As both John Menadue and Ian McAuley have argued in recent posts there are good social reasons for governments to intervene to modify the outcomes from a purely capitalist economy. Right now rising inequality and taxation avoidance by companies and wealthy people are priority issues that should be addressed. It is also possible that the impact on the government budget from increasing inequality could have a negative impact on future economic growth.
I think, however, it is going a step too far to suggest that capitalism is leading to low wages which then result in a shortage of demand, and that this is the reason for the failure of business investment and economic growth to pick-up, especially in the US.
The fact is that currently – and indeed for decades – US domestic investment has been greater than US savings. The difference between the two is identically equal to the US current account deficit, which amounted to as much as 6 per cent of GDP immediately prior to the GFC, and is still running at around 2 ½ per cent of GDP notwithstanding generally sluggish domestic demand and a significant depreciation of the US dollar. So the US is not short of demand in aggregate, although some might prefer a different pattern of that demand. Instead it is arguable the US needs to reduce its reliance on other people’s savings. Indeed with China holding around 40 per cent of US government debt, this is hardly the basis for an independent foreign policy and maintaining US supremacy in the Asia-Pacific region.
But what is required to restore a better balance between investment and savings in the US, and also in many other capitalist economies which are relying on the savings of foreigners?
One view, most prominently promulgated by Larry Summers, a former Secretary of the US Treasury, is that there is an excess supply of savings in the world. Accordingly action needs to be taken to reduce the global savings rate, even if that is not true for many rich capitalist countries.
To the extent that excess global savings are a problem, the principal country responsible is China. Furthermore, China has been over-investing and many of its domestic investments are under-utilised. But if investment in China is more closely related to demand in future, potentially there could be even more flows of Chinese savings to the US and elsewhere. Interestingly China agrees, to at least some extent, and its economic strategy envisages increasing consumption and lowering both investment and particularly savings. So effectively there is a measure of international agreement that the present global economic imbalances are not because capitalism has been paying wages that are too low, but rather because communism has been doing this.
The question then is what consequences would flow from a better global balance between savings and investment. In the US the reduction of the current account deficit would require some combination of a real exchange rate depreciation and increased savings. Both of these changes would reduce US consumption but this reduction could be more than offset by increased foreign demand and less reliance on imports, so that economic growth would be likely to pick up. But returning to our starting point, an increase in US wages and consumption is not the way to restore the health of the US economy.
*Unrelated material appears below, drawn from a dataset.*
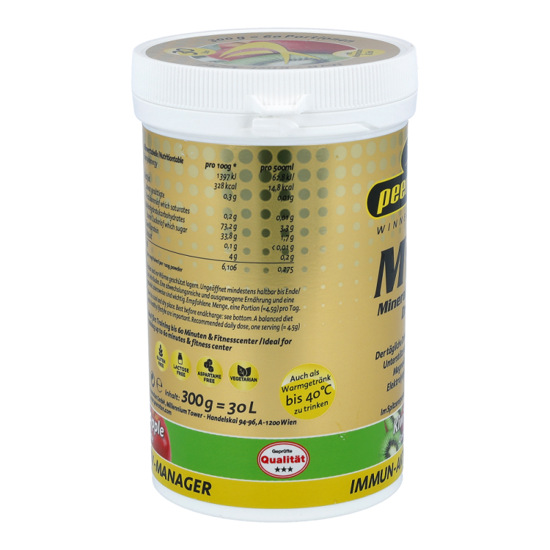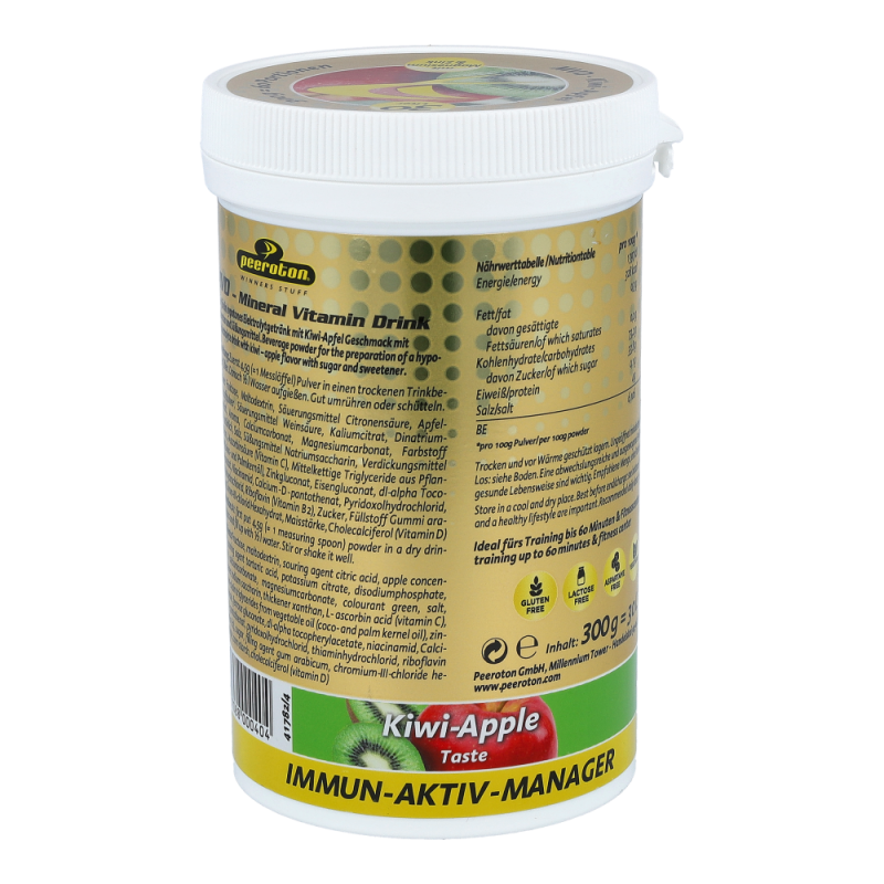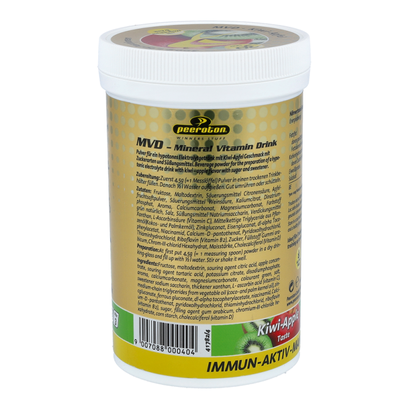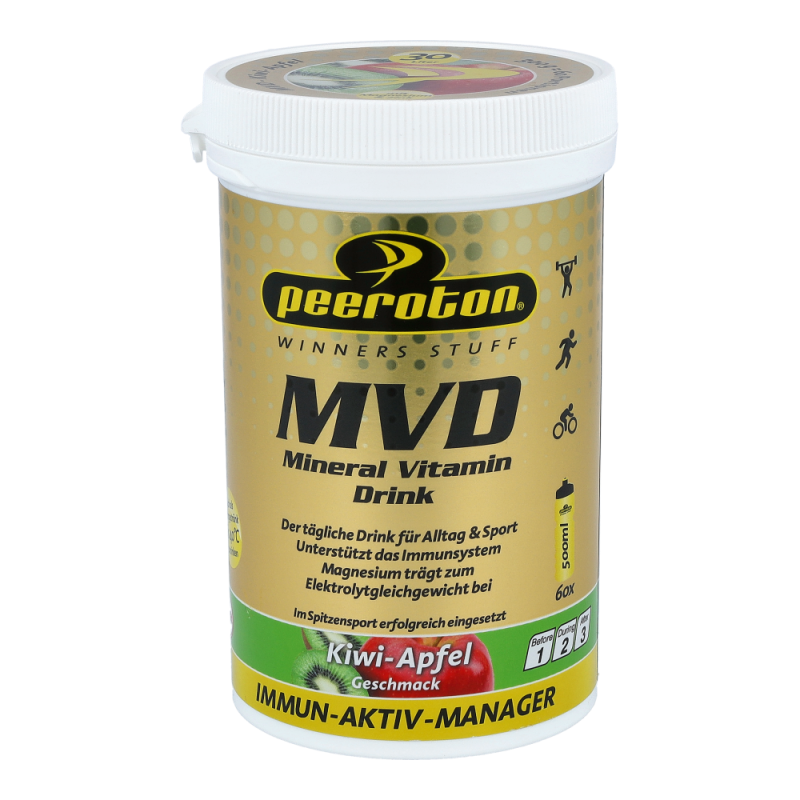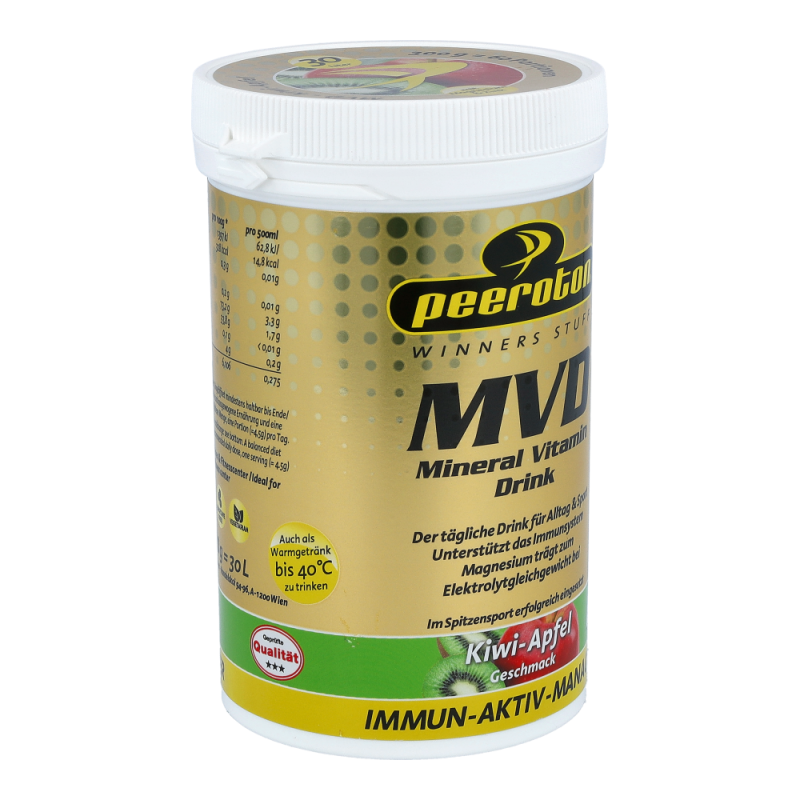 Peeroton Mineral Vitamin Drink ergänzt die Zufuhr der essentiellen Mineralstoffe und Vitamine, deren Bedarf durch Sport oder Stressbelastungen des Alltags erhöht ist. Durch die Beifügung von Zink wird eine Stärkung des Immunsystems bewirkt, Chrom verbessert die Spaltung von Kohlenhydraten und Proteinen.

For those of us who favour a more equal distribution of income an increase in minimum wages may well have a role in the US, where the minimum wage is very low, but only if it leads to an improvement in the relative wages of low paid people, and not an across-the-board increase in wages generally. A more lasting solution is to improve the skills of people on the margin of employment so that they can obtain the jobs of the future. It is in this respect that capitalism is too often at fault and risks being unsustainable unless it is prepared to make greater efforts to train people, and to train them not just for today’s jobs but also so that they can move easily to tomorrow’s jobs.
Michael Keating was formerly Secretary of the Department of Finance, and Secretary of the Department of Prime Minister and Cabinet.